Natasha estava na cozinha, preparando um chá forte para tentar acalmar a dor de cabeça residual da noite de choro, quando a lareira da sala de estar explodiu em chamas verdes esmeralda.

Ela não puxou a arma. Ela sabia o que esperar (tinha ameaçado Dumbledore, afinal). Mas ela esperava Harry.

O que ela não esperava era a invasão completa.

Primeiro, Harry saiu das chamas, tropeçando no tapete, com fuligem nos óculos e uma expressão de alívio urgente.

Mas logo atrás dele, o fogo rugiu de novo.

Ron Weasley apareceu, segurando uma caixa de Sapos de Chocolate e parecendo maravilhado com a televisão gigante na parede.

E então, com uma pirueta elegante para não sujar as vestes, Hermione Granger surgiu, levitando uma pilha de livros que parecia pesar mais do que ela.

— Eles não deixariam a Emma sozinha — Harry disse, limpando os óculos na camisa, olhando para Natasha com um sorriso de desculpas. — E a Hermione disse que perder uma semana de aula era inaceitável, então...

— Então o Professor Dumbledore concordou que "estudos de campo" seriam benéficos — Hermione completou, depositando a pilha de livros na mesa de centro. — Ele mandou o cronograma de aulas, deveres de Transfiguração e Poções, e disse que o Sr. Barnes poderia supervisionar a prática de Defesa Contra as Artes das Trevas, já que ele é o especialista prático.

Natasha olhou para o trio. Olhou para Emma, que tinha saído do quarto ao ouvir o barulho.

A menina ainda estava com os olhos inchados, vestindo o pijama de flanela. Mas quando ela viu os amigos...
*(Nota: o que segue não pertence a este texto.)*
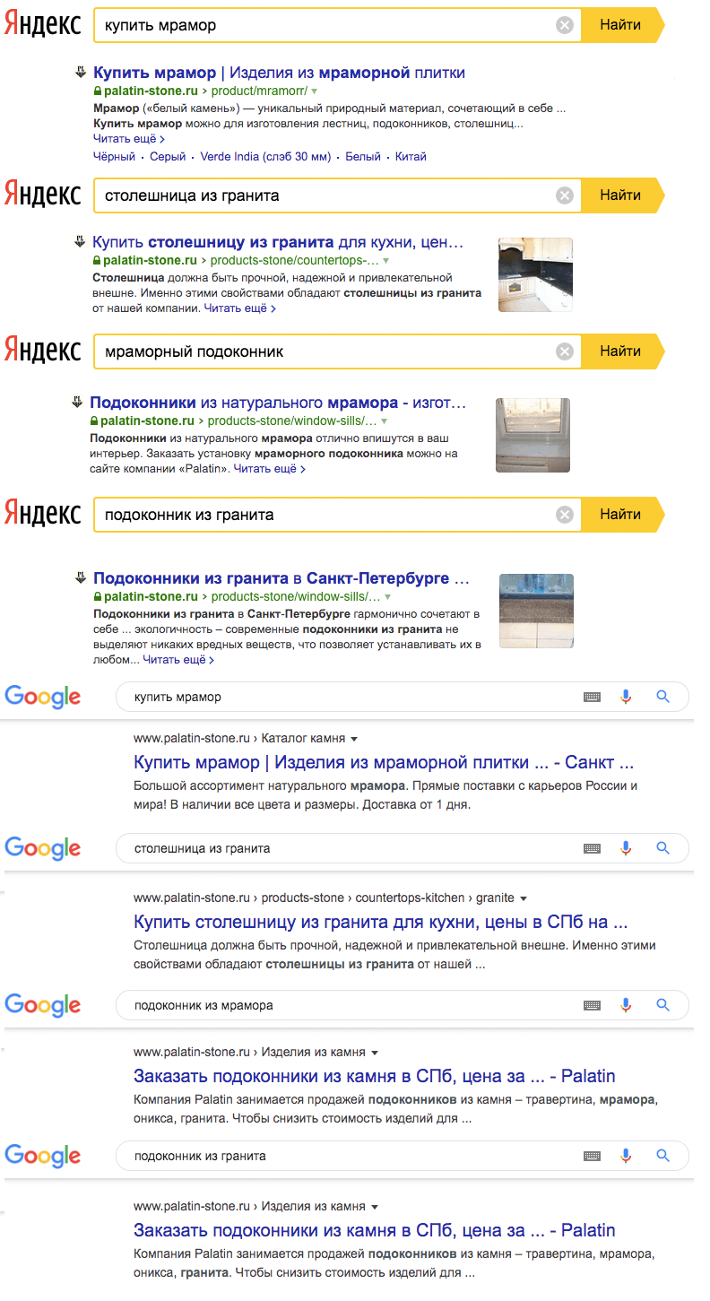 Перед нами стояла задача вывести запросы на первые места не только в Яндексе, но в Google.

Harry correu e abraçou a irmã. Ron deu um tapinha desajeitado nas costas dela, oferecendo um doce. Hermione a abraçou com força, começando a tagarelar sobre como Lupin tinha cancelado a aula seguinte por "motivos de saúde".

Um sorriso pequeno, mas real, apareceu no rosto de Emma.

A culpa no peito de Natasha afrouxou um nó.

Dumbledore era um manipulador, sim. Mas ele sabia que a cura para o trauma de uma criança não era isolamento, era tribo.

— Certo — Natasha disse, cruzando os braços, assumindo o comando. — A casa é de vocês. Tem comida na geladeira, Jarvis atende por comando de voz e a senha do Wi-Fi é "ViuvaNegra01". Se quebrarem algo, o Tony manda a conta.

— Brilhante! — Ron exclamou, correndo para a cozinha.

James apareceu no corredor, observando a cena com um sorriso de lado.

— Parece que nossa semana de tédio foi cancelada.

— Pelo contrário — Natasha respondeu, sentindo o coração mais leve. — Acho que a bagunça vai fazer bem para ela.

Escritório de Natasha. 14:00.

A cobertura estava vibrando com a energia de quatro adolescentes. Risadas vinham da sala, o cheiro de pipoca invadia o corredor, e James estava na sala de estar "supervisionando" (o que significava jogar videogame com o Ron).

Natasha aproveitou a distração para trabalhar. Ela entrou em seu escritório e fechou a porta, abafando o som da felicidade lá fora. O silêncio voltou, e com ele, a seriedade da missão.

Ela se sentou na cadeira de couro giratória. Precisava revisar os relatórios de avistamento de Sirius Black na Escócia. Ela abriu a gaveta central da mesa de mogno para pegar sua caneta favorita.